Advocacy groups have also emphasized the importance of expanding treatment options. The Arthritis Foundation noted that additional oral therapies could help address persistent unmet needs among patients living with both joint and skin manifestations of PsA.
With this approval, TYK2 inhibition enters the rheumatology space after first establishing a role in dermatology. Ongoing long-term studies and open-label extension trials — some extending to 156 weeks — are expected to further clarify the durability of response and long-term safety profile.
The approval of deucravacitinib includes warnings and precautions such as hypersensitivity reactions, infections (including tuberculosis), malignancy (including lymphoma), rhabdomyolysis with elevated CPK levels, and laboratory abnormalities. As with other immune-modulating therapies, clinicians should consider vaccination status and infection risk prior to treatment.
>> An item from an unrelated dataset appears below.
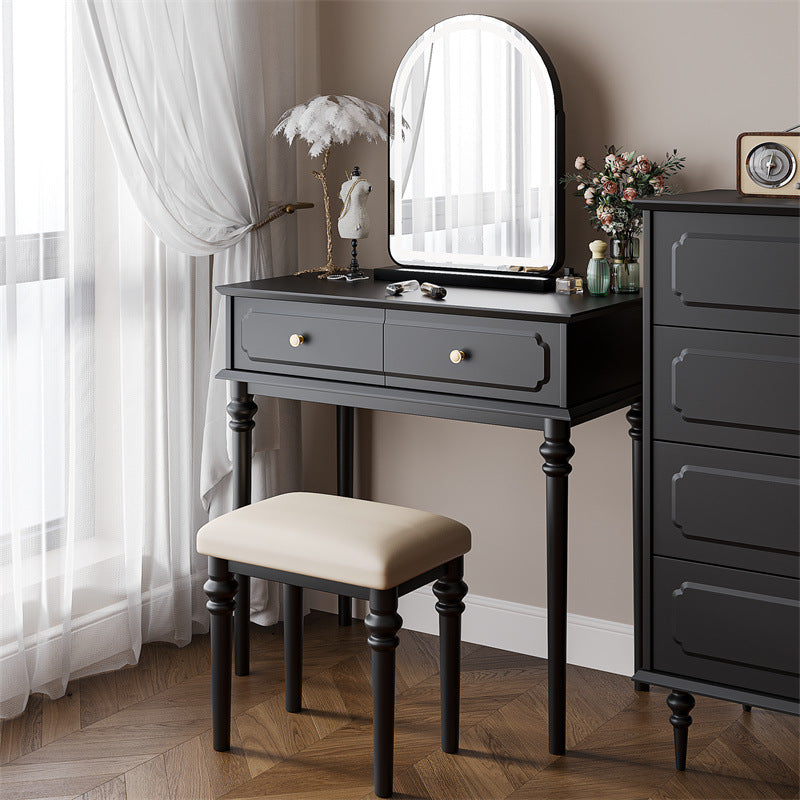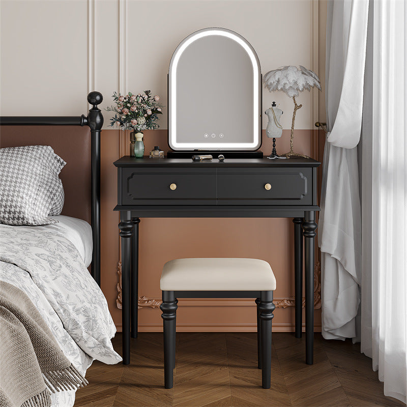 Spacious Storage: With two spacious drawers, this vanity set offers ample storage for all your beauty products, jewelry, and accessories. The drawers glide smoothly, making it easy to access your items.

For clinicians treating psoriatic disease, decisions around incorporating TYK2 inhibition into treatment algorithms will likely depend on patient characteristics, prior therapy exposure, and evolving comparative data with other oral and biologic agents.
Final Thoughts
Ongoing studies will help clarify the long-term safety and durability of response with deucravacitinib, providing clinicians and patients with important insights as TYK2 inhibition becomes an established option in psoriatic disease management.